Hypermobile Ehlers-Danlos Syndrome (hEDS) is one of the subtypes of Ehlers-Danlos Syndrome (EDS), a group of genetic connective tissue disorders. hEDS is characterized by joint hypermobility, skin that is often soft and velvety, and a variety of other symptoms. Here are key features and information about Hypermobile EDS:
Clinical Features:
Joint Hypermobility: The hallmark feature of hEDS is joint hypermobility, which means that joints can move beyond the normal range of motion. This can lead to joint pain, instability, and an increased risk of dislocations or subluxations.
Soft, Velvety Skin: Individuals with hEDS may have soft and velvety skin that is more elastic than normal. However, the skin manifestations are usually less pronounced compared to other types of EDS.
Musculoskeletal Symptoms: Besides joint issues, individuals may experience muscle pain, weakness, and fatigue.

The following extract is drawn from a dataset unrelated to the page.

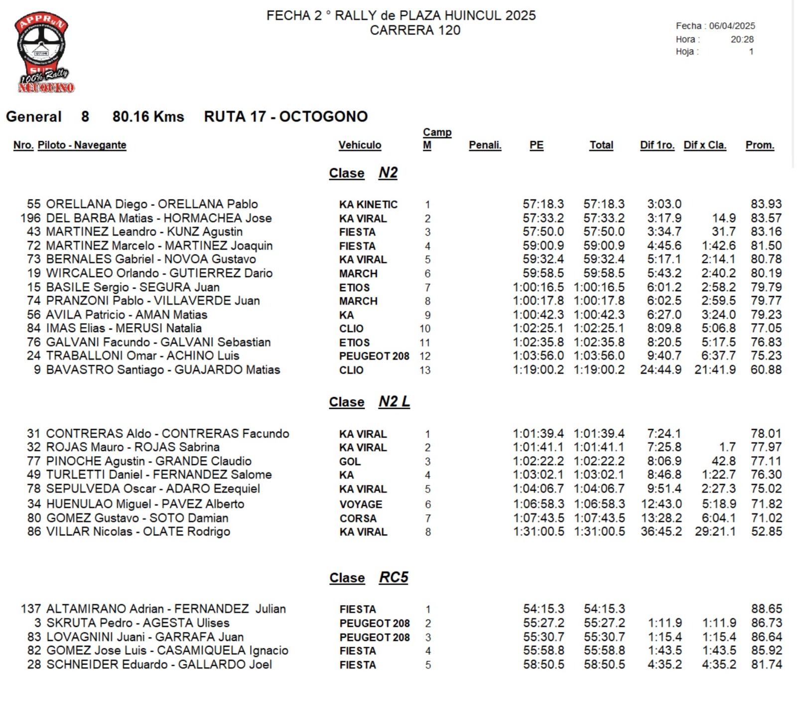 Más abajo se ubicaron Santiago Bavastro – Matías Guajardo, que ayer habían sufrido un vuelco con el Renault Clio. Puesto 48º en la Clasificación General para ellos y puesto 13º en la Clase N2. Por su parte Miguel González – Carlos López tuvieron su debut absoluto, dando la vuelta con su Volkswagen Gol y ocupando el puesto 53º de la General y un más que merecido quinto lugar en la Clase A5.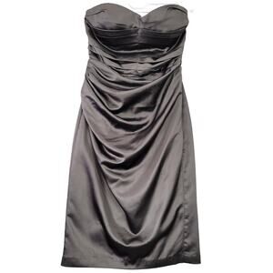Express Women's Dress Midi Size 2 Black Formal Strapless 3% Stretch Aline Lined Zip Lightly Padded Pleated Sweetheart Bustline

Chronic pain, particularly in the muscles and joints, is common.
Fatigue and Sleep Disturbances: Many individuals with hEDS report fatigue and difficulties with sleep.

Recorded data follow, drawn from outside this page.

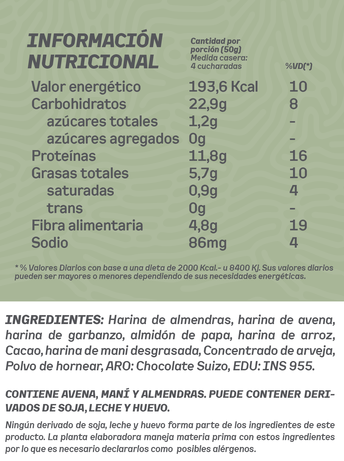 INGREDIENTES: Harina de almendras, Harina de avena Libre de gluten, Harina de garbanzo, Harina de arroz, Cacao, Harina de mani, Concentrado de arveja, Polvo de hornear, ARO: Chocolate Suizo, EDU: INS 955.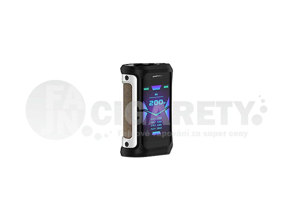 Nejnovější přírůstek do rodiny vynikajících gripů Aegis od renomovaného výrobce GeekVape dostal název GeekVape Aegis X Mod. Jedná se o mod s pokročilými funkcemi a vlastnostmi, ale také luxusním designem a širokým nastavením pro ty nejnáročnější uživatele. Jeho nespornou výhodou je potom také výrazná odolnost vůči vnějším vlivům, zejména vůči vodě, prachu a možnému pádu. Díky svým rozměrům 90 x 31,3 x 56,1 mm a perfektně zpracované, ergonomické konstrukci, skvěle padne do každé ruky a pohodlně se používá v průběhu celého dne. Zadní část modu je opatřena koženým potahem pro příjemné držení v dlani, celé tělo je potom vyrobeno z kovu, který je v přední části potažen speciální pogumovanou vrstvou pro ještě komfortnější používání. Vrchní část modu nabídne závit typu 510 pro pohodlné osazení vlastním atomizérem se stejným typem uchycení závitu. Mod funguje bravurně jak se standardními atomizéry na tovární žhavící hlavy, tak také s motacími DIY atomizéry.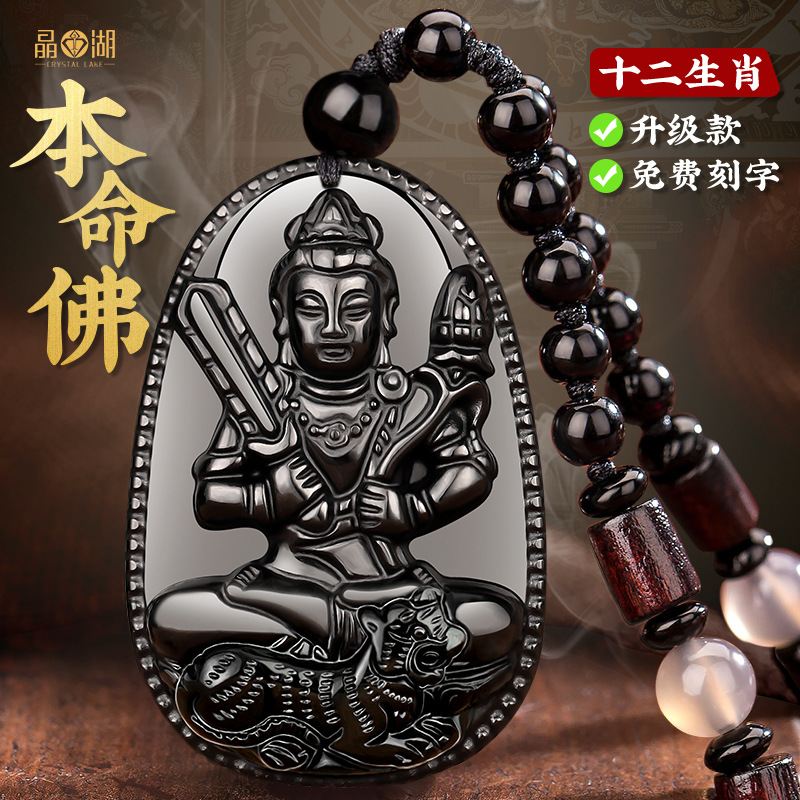 黒曜石本命仏ペンダント虚空蔵大勢至文殊普賢菩薩ネックレス女年龍兎牛虎蛇男

GI Issues: Some individuals may experience gastrointestinal issues, such as irritable bowel syndrome (IBS).
Cardiovascular Symptoms: Autonomic dysfunction and cardiovascular symptoms, such as orthostatic intolerance and palpitations, may be present in some cases.
Skin Involvement: While not as pronounced as in other EDS subtypes, individuals may still experience some skin abnormalities, such as easy bruising and atrophic scars.
Genetic Basis:
The genetic basis of hEDS is not well understood. Unlike some other types of EDS, there is no identified single gene mutation responsible for hEDS. It is believed to be a complex disorder with both genetic and environmental factors contributing to its development.
Diagnosis and Management:
Diagnosing hEDS can be challenging because there is no specific genetic test available, and the diagnostic criteria are primarily clinical. The 2017 International Classification for Ehlers-Danlos Syndromes outlines the criteria for diagnosing hEDS, including joint hypermobility, skin involvement, and other associated symptoms.

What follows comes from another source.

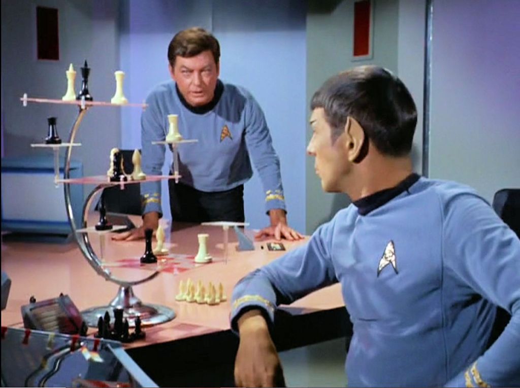 Despite the anti-computer rhetoric in “Court Martial,” the most memorable moments are those between our flesh-and-blood characters. Spock‘s testimony is the most powerful of all because, as with his defense of Kirk in “The Enemy Within,” he is the least likely to base statements on emotional bias. As he has several times in the past, Spock turns to 3D chess for insight, finding that he can consistently defeat the computer in a game for which he himself programmed it. McCoy, on the other hand, is less than stellar, failing his captain by bumbling through a testimony for which he is clearly unprepared. Worse, he becomes downright irrational when he doubts Spock’s intentions with the 3D chess exercise, calling Spock “the most cold-blooded man I’ve ever known.” And Finney is so clearly unstable that, like Bailey (“The Corbomite Maneuver”) and Stiles (“Balance of Terror”), his mere presence on the Enterprise is a mystery. He calls to mind modern-day conspiracy theorists and right-wing fanatics unable to face the impersonal nature of the real world, finding someone to blame for every perceived slight. The Finney we meet in the final act is a homicidal lunatic who has to be subdued by Kirk-Fu and institutionalized; it’s hard to believe he became that way overnight. Meanwhile, Kirk, not for the first time, demonstrates why he is the captain. He is understandably angry, but remains an optimist, trusting that the very system that has turned on him will correct itself and, ultimately, proclaim his innocence. Kirk waives the right to request alternate jurors in the court martial if he feels the current ones are biased, even though Shaw’s marching orders make it clear they are biased. But like the technology that depends on human nature, Kirk’s faith is not really in the system, but in his colleagues’ efforts to keep that system’s standards high.

Management of hEDS focuses on addressing symptoms and may include physical therapy to strengthen muscles and stabilize joints, pain management strategies, and lifestyle modifications. Patients may benefit from a multidisciplinary approach involving various healthcare professionals, including rheumatologists, physical therapists, and pain specialists.
It's important for individuals suspected of having hEDS to consult with healthcare professionals, including specialists experienced in connective tissue disorders, for accurate diagnosis and appropriate management.